A Russian court has handed lengthy prison terms to four Crimean Tatars for being members of the banned Hizb ut-Tahrir Islamic group.
According to the Crimean Solidarity human rights group, the Southern District Military Court in the city of Rostov-on-Don on August 16 sentenced Ruslan Mesutov and Lenur Khalilov to 18 years in prison each, Ruslan Nagayev to 13 years, and Eldar Kantimirov to 12 year in prison.
The four men were arrested in June 2019 after their homes were searched.
Ukraine's ombudswoman, Lyudmyla Denisova, protested against the court's "illegal" ruling and urged the international community to "force the Russian Federation to stop groundless detentions and rigged trials of illegally detained Ukrainian citizens."

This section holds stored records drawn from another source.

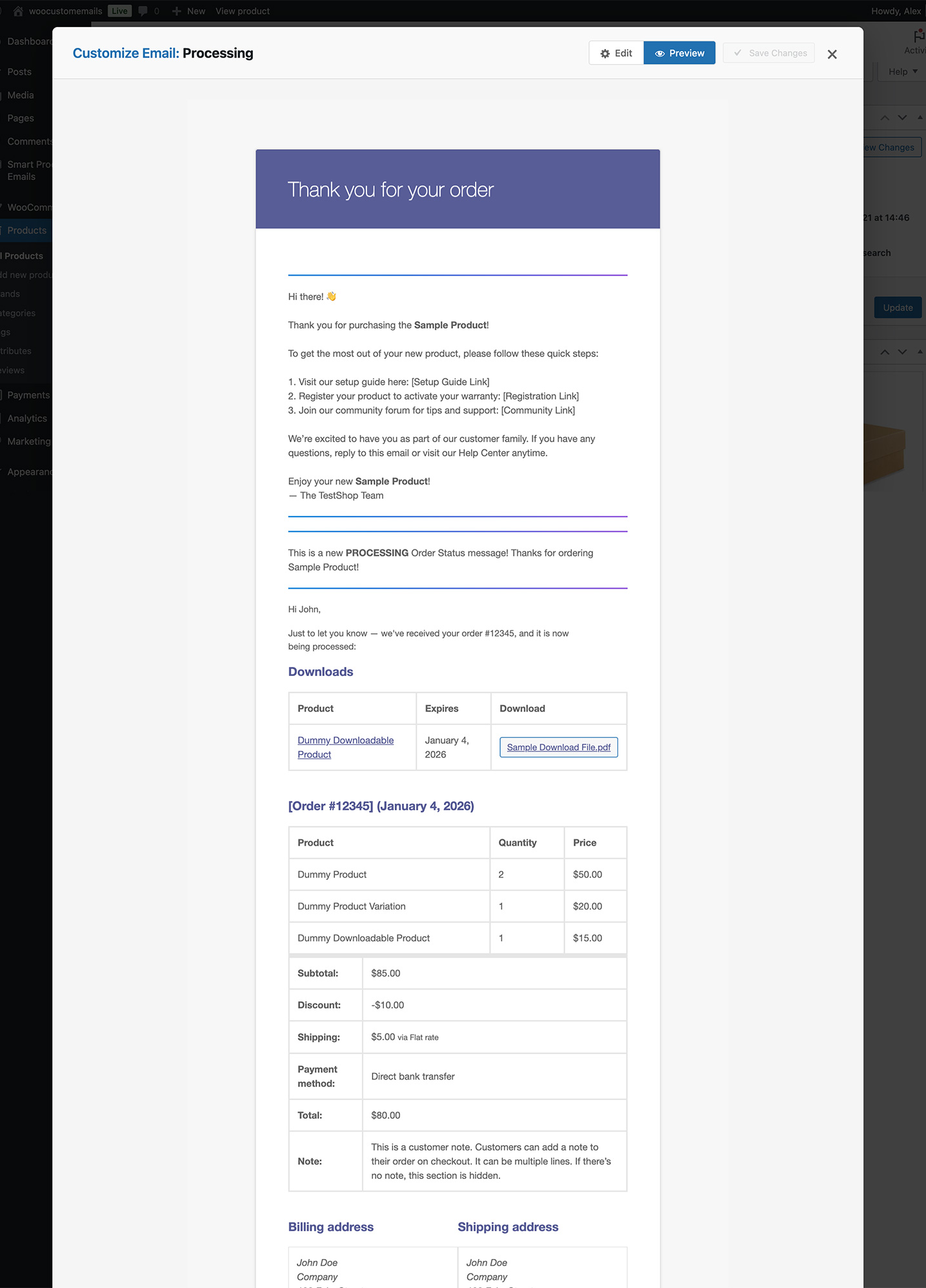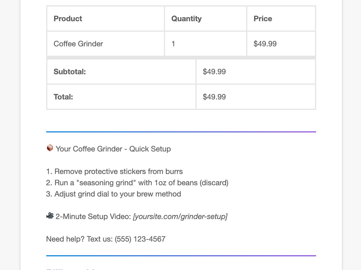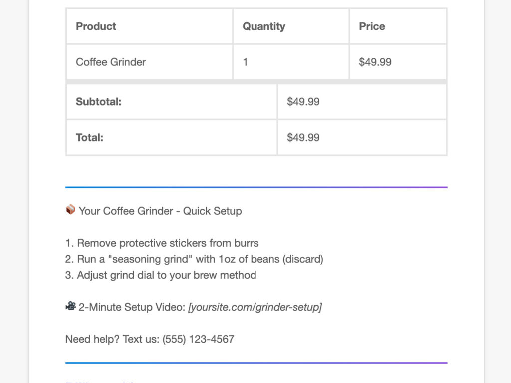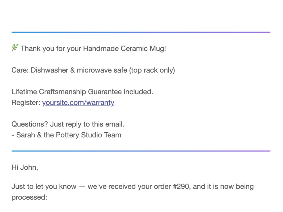 If multiple purchased products share the same message, it displays once. Your customers get clean, professional emails every time.
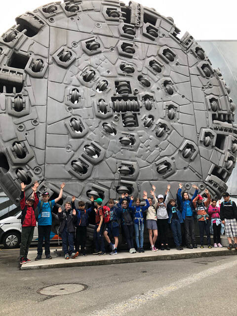 Wir haben den Bohrkopf der Neat-Basistunnelbohrmaschine angeschaut und ein Klassenfoto gemacht.
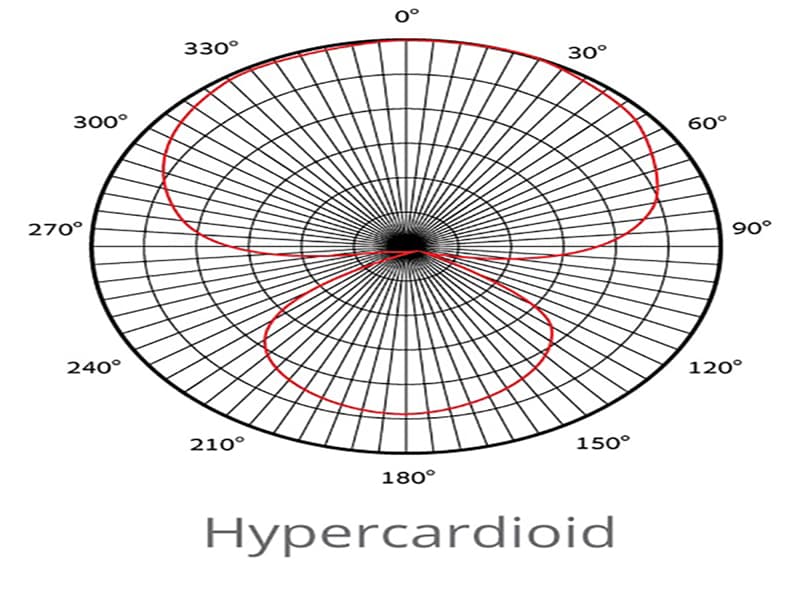 مانند همه میکروفنهای تک جهت، این الگوی قطبی ابر کاردیوئید حساس ترین حالت را در یک جهت واحد ارائه خواهد داد.
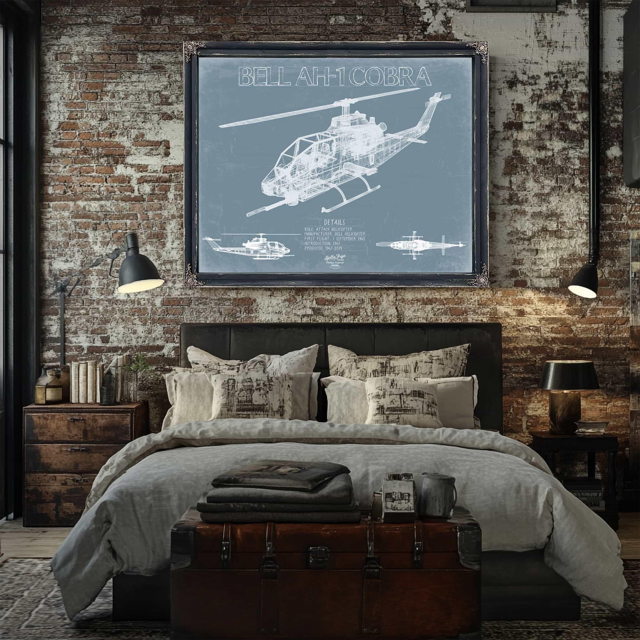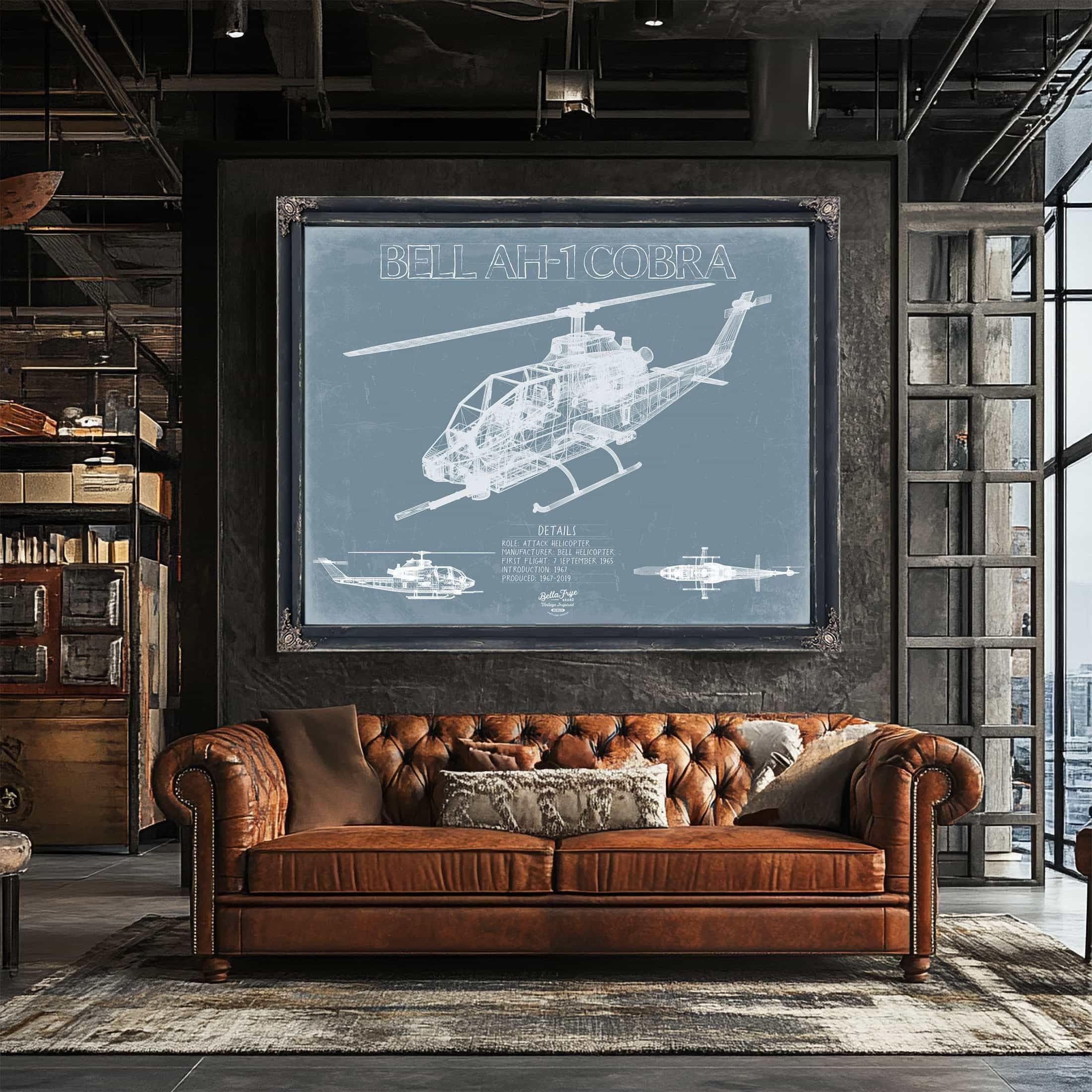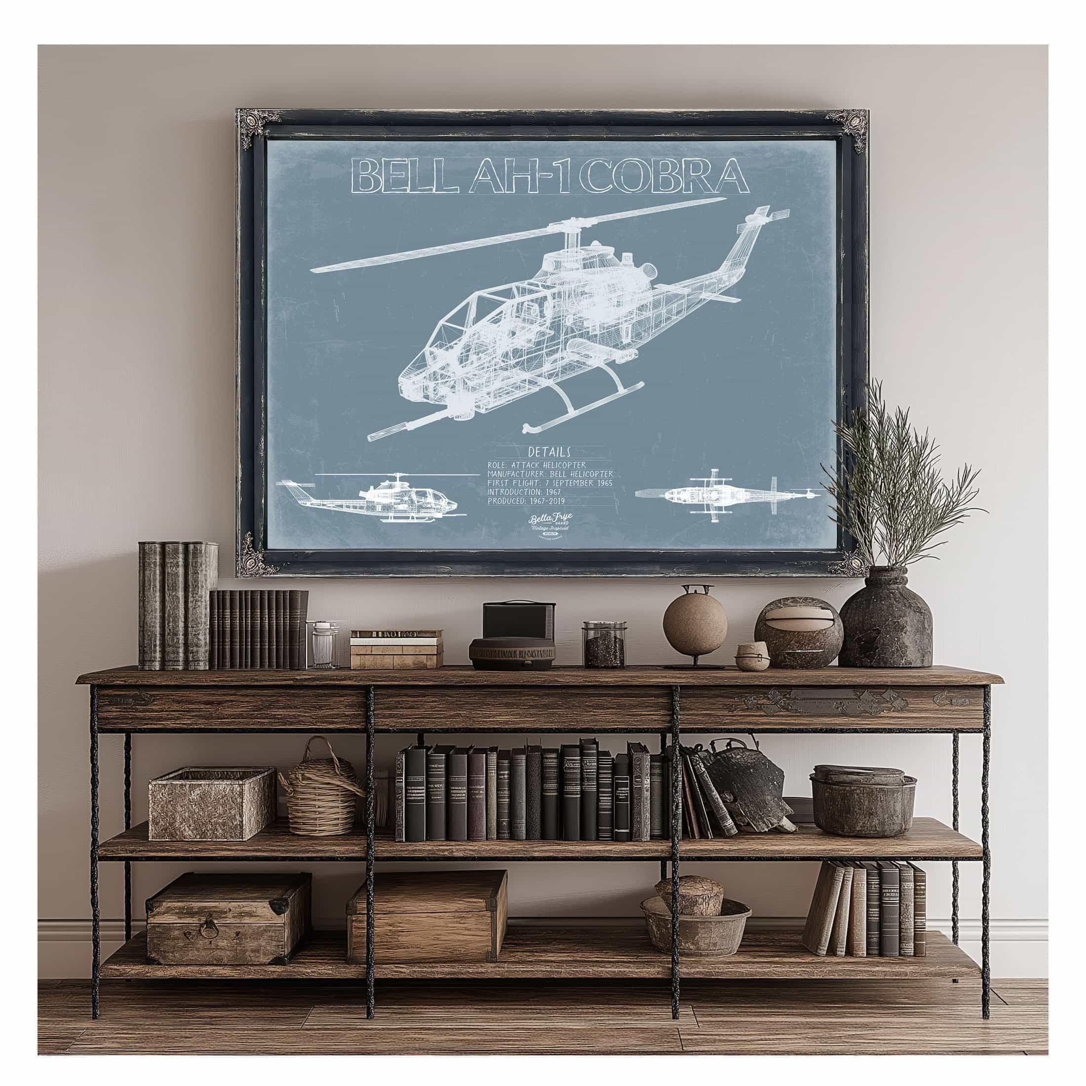 • Bella Frye Home & Garden > Decor > Artwork Bell AH-1 Cobra Helicopter Blueprint Wall Art - Original Aviation Print
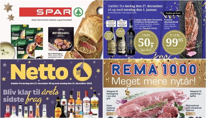 Spar tilbyder Beef Wellington til en pris på 99 kr. pr. stk. med en vægt på 750 g. Dette tilbud gælder fra lørdag den 27. december til onsdag den 31. december.
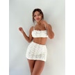 Pink Life Beyaz Üç Boyutlu Çiçek Desenli Fermuar Detaylı Mini Ikili Takım Elbise-Beyaz
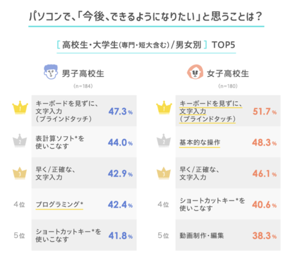 パソコンで「今後、できるようになりたい」と思うことを聞いたところ、高校生では男女ともに「キーボードを見ずに、文字入力」が1位に。
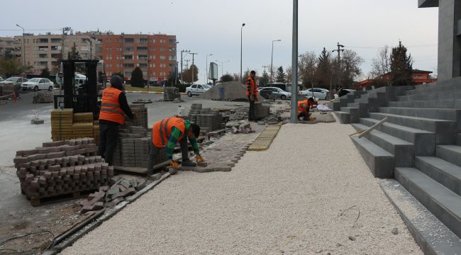 metrekarelik alanda kilitli parke ve kaldırım taşı döşeniyor.
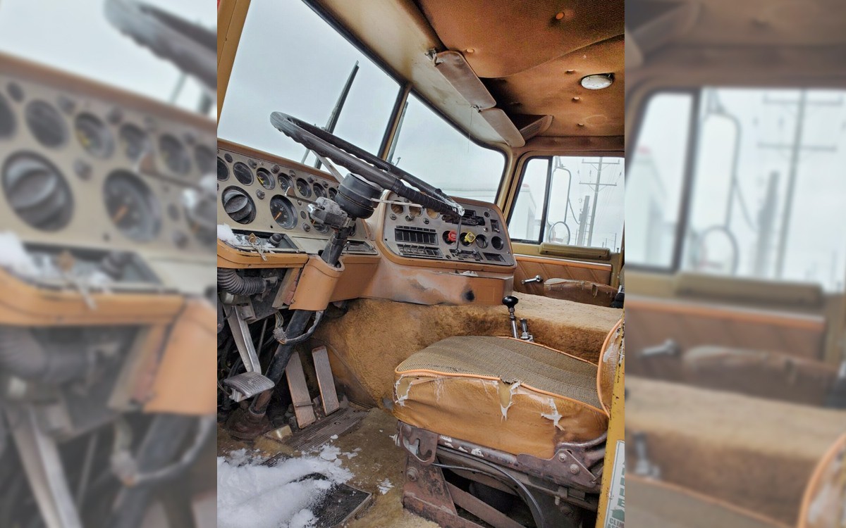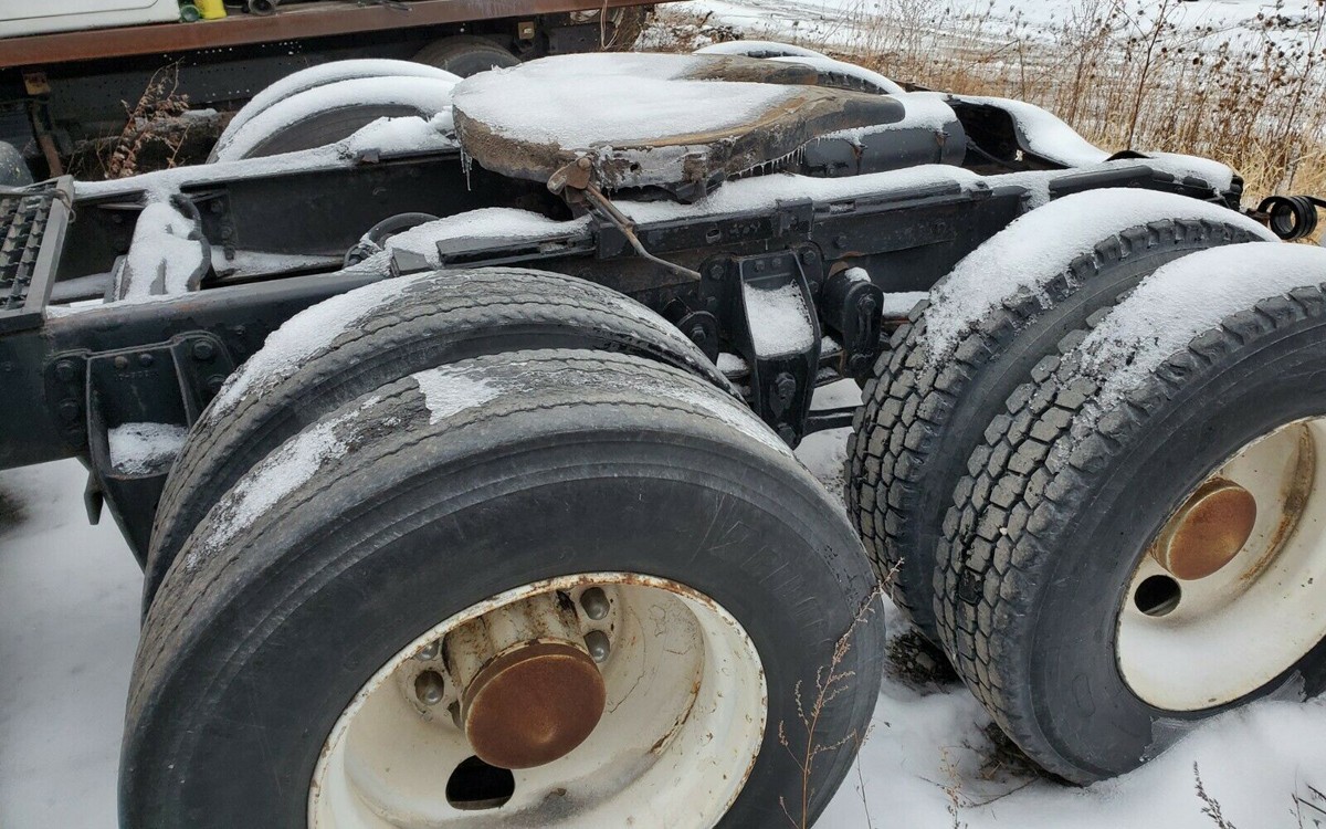 The seller says that this tractor was “farmer used” for the last two decades and it runs well. Being a cabover, the cab literally tilts forward, in this case by either an optional air pump or a manual hydraulic pump. There are no engine photos which is understandable but still disappointing. The seller says that it’s a Cummins and from what I’ve read on forums and in sales literature, a Caterpillar diesel and Detroit diesel would have also been available. Of course, Ford also provided engines. The chassis would have had three coats of primer and paint and could have been color-matched to the body.
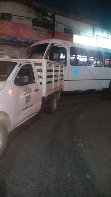 Tuvo la culpa el chofer del autobús número 26 de la ruta Ecocentralita - 20 de Noviembre, quien iba sobre la calle Madero y al llegar al cruce con Abasolo, vio que estaba orillada una camioneta marca Nissan color blanco, del Ayuntamiento, y usada para la recolección de basura, la cual le obstruía la circulación, pero aún así quiso pasar, y terminó dándole un golpe.
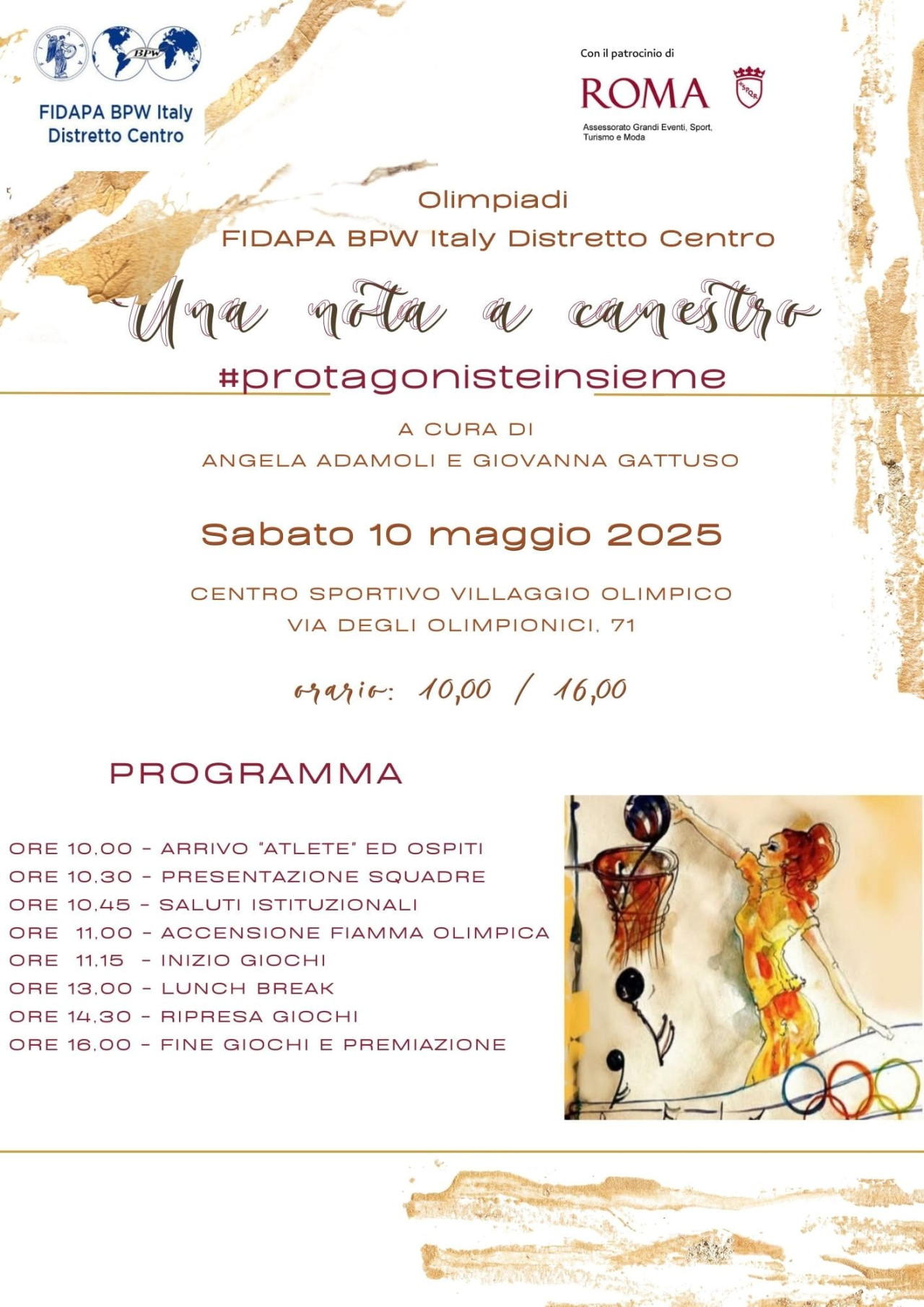 L’evento “Una nota a canestro”, promosso da FIDAPA BPW Italy – Distretto Centro, si terrà sabato 10 maggio 2025 presso il Centro Sportivo Villaggio Olimpico di Roma e rappresenta le Olimpiadi del Distretto Centro 2025, all’insegna del motto #protagonisteinsieme.
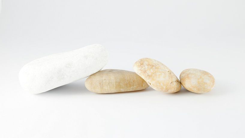 Een beeld van de schoonheid van rust en eenvoud, een stilleven van enkele kiezelstenen. De stenen zijn verschillend van vorm en kleur. De contrasten tussen de texturen en kleuren van de kiezelstenen komen mooi tot hun recht in de lichte omgeving.

"By illegally trying Crimean Tatars and other Ukrainian citizens, the occupier-country Russian Federation violates the norms of international law, the European Convention on Human Rights, basic freedoms and the Universal Declaration of Human Rights," Denisova wrote on Telegram.
Russia seized the Crimean Peninsula from Ukraine in 2014, and since then Moscow-imposed authorities have prosecuted dozens of Crimean Tatars for allegedly belonging to Hizb ut-Tahrir.
Rights groups and Western governments have denounced what they describe as a campaign of repression by the authorities installed in Crimea, who are targeting members of the Turkic-speaking Crimean Tatar community and others who have spoken out against Moscow's takeover of the peninsula.
Hizb ut-Tahrir is banned in Russia as a terrorist organization but operates legally in Ukraine.
However, Moscow imposed its own laws on the Crimean Peninsula after the annexation.
Russia took control of Crimea from Ukraine in March 2014 after sending in troops, seizing key facilities, and staging a referendum dismissed as illegal by at least 100 countries.
Moscow also backs separatists in a war against government forces that has killed more than 13,200 people in eastern Ukraine since April 2014.